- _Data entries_
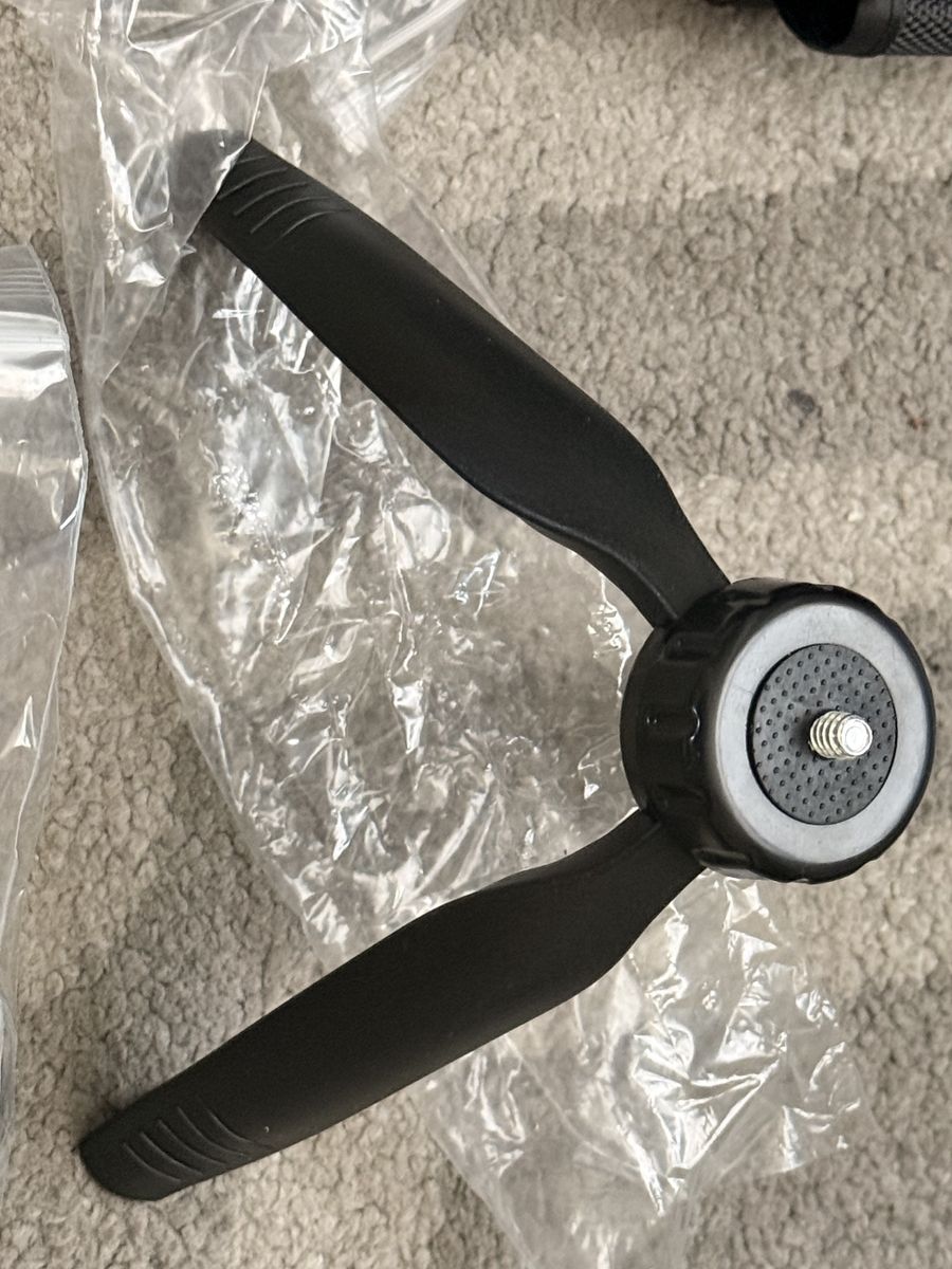 Has a phone scope style clamp, mini tripod, swivel attachment.
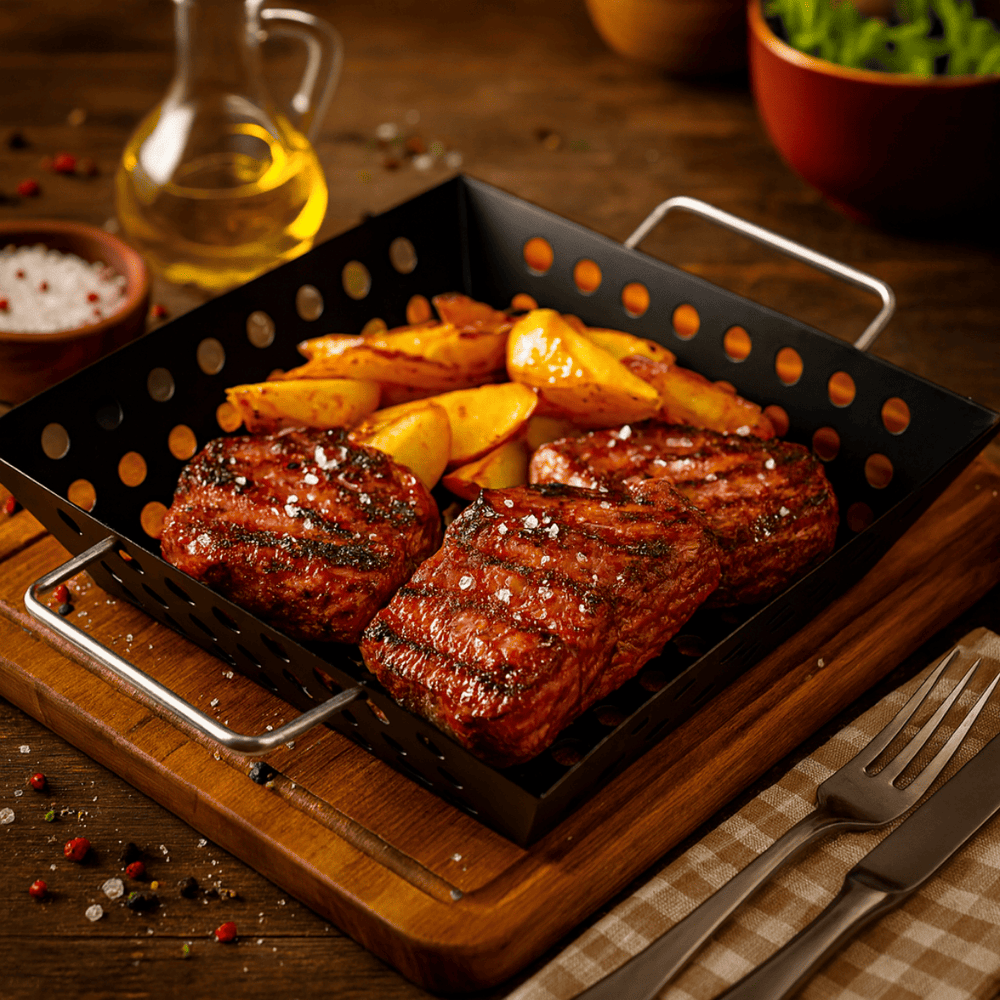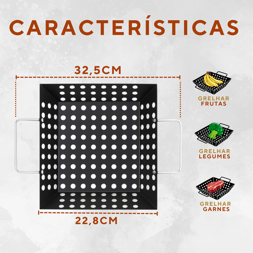 🔥 Pode ir diretamente sobre as brasas ou grelha, ideal para grelhar legumes, carnes, frutos do mar e acompanhamentos.
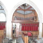 Great: Double Diapason 16′, Open Diapason 8′, Dulciana 8′, Rohr Flote 8′, Principal 4′, Harmonic Flute 4′, Nazard 3′, Fifteenth 2′, Mixture III, Trumpet 8′.
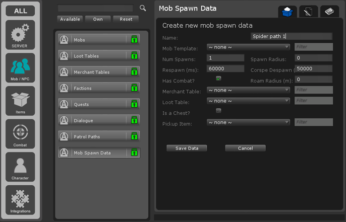 Mob Spawn Data Plugin可用于使用Combat Effects插件生成野生怪物,可以附加到:
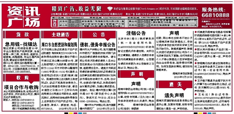 杨秋萍向我局申请办理位于海口市美兰区灵山镇大林墟99号,原土地使用权人为梁家桐,使用权面积为112.42平方米的琼山籍国用〔1998〕字第08-0132号《国有土地使用证》权利人变更(继承)登记。现通告注销上述《国有土地使用证》,该证不再具有法律效力。凡对此注销通告有异议者,请自本通告之日起15个工作日内向我局美兰分局提出书面申述,逾期无异议,我局将依法给杨秋萍换发上述宗地的《不动产权证书》。特此通告。联系人:颜苗苗,电话:65725618。 2023年8月23日
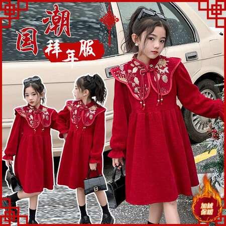 1*2下载视频“冬款2409款刺绣假两件年服裙”
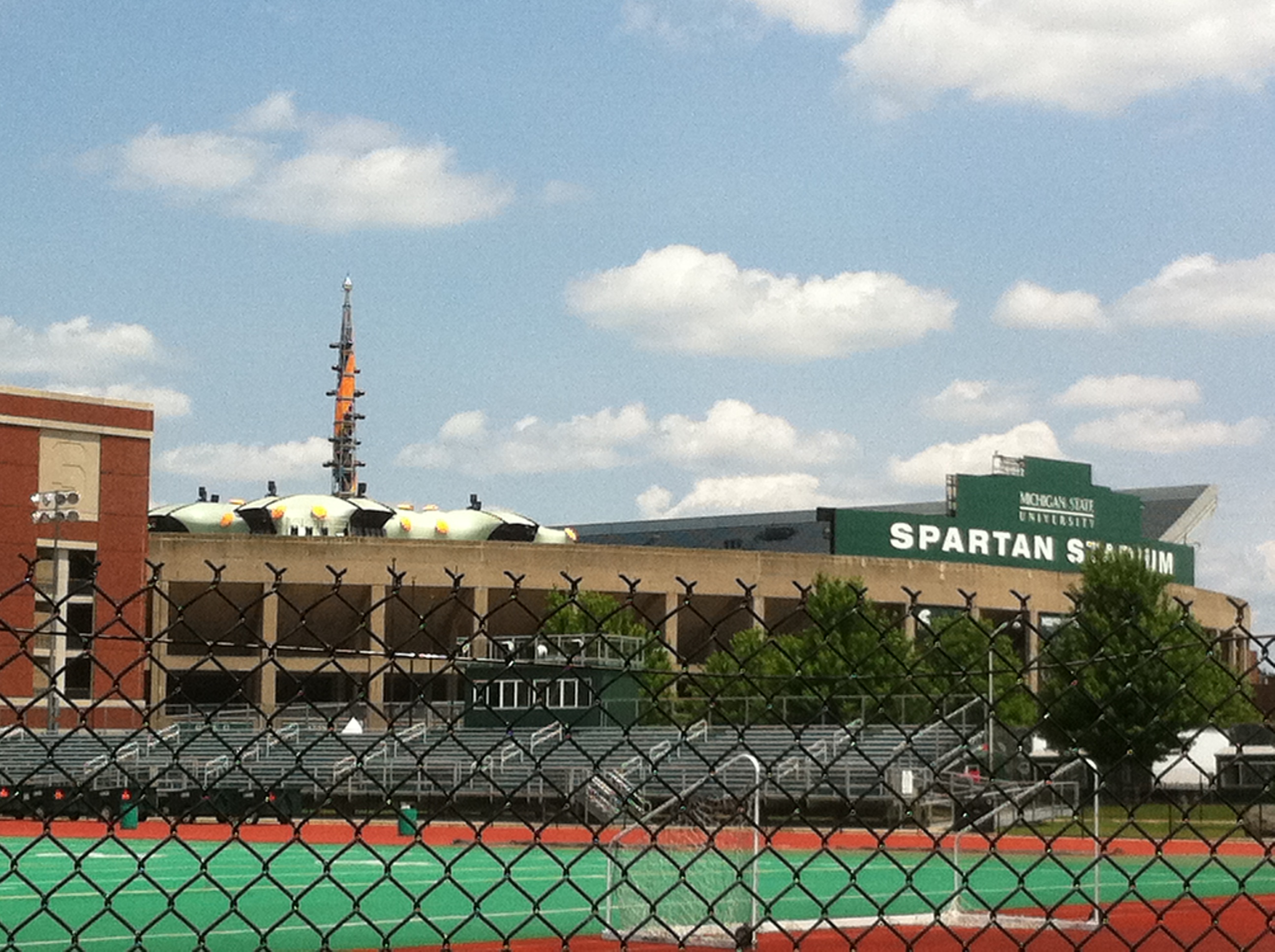 The U2 360 show at Michigan State in East Lansing was good. The same set list as Baltimore, except Hold Me Thrill Me Kiss Me Kill Me was played instead of Ultra Violet. It stayed light outside through Elevation, which was really cool because I’ve never seen a U2 show in the daylight before. This East Lansing show was the least crowded 360 show I went to, even though it was sold out. They didn’t sell many GA tickets, so there was plenty of room inside the inner circle and the rest of the floor wasn’t even half full. There were no red zones and the catwalk of the inner circle went almost to the stands.
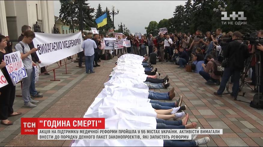 Активісти лягали на землю і накривалися простирадлами, аби нагадати владі - щогодини 67 людей помирають, не дочекавшись медичної допомоги. Зробити революцію у вітчизняній системі охорони здоров’я покликані законопроекти, що мають змінити фінансування усіх лікарень. Під тиском депутати внесли їх до порядку денного.

- _PROBLEM TO WORK ON_
From the first line through the line with "Great: Double Diapason", output those lines of the entries above exactly, and nothing else, with the pictures left out.

- _REPLY TO THE TASK_
 Has a phone scope style clamp, mini tripod, swivel attachment.
 🔥 Pode ir diretamente sobre as brasas ou grelha, ideal para grelhar legumes, carnes, frutos do mar e acompanhamentos.
 Great: Double Diapason 16′, Open Diapason 8′, Dulciana 8′, Rohr Flote 8′, Principal 4′, Harmonic Flute 4′, Nazard 3′, Fifteenth 2′, Mixture III, Trumpet 8′.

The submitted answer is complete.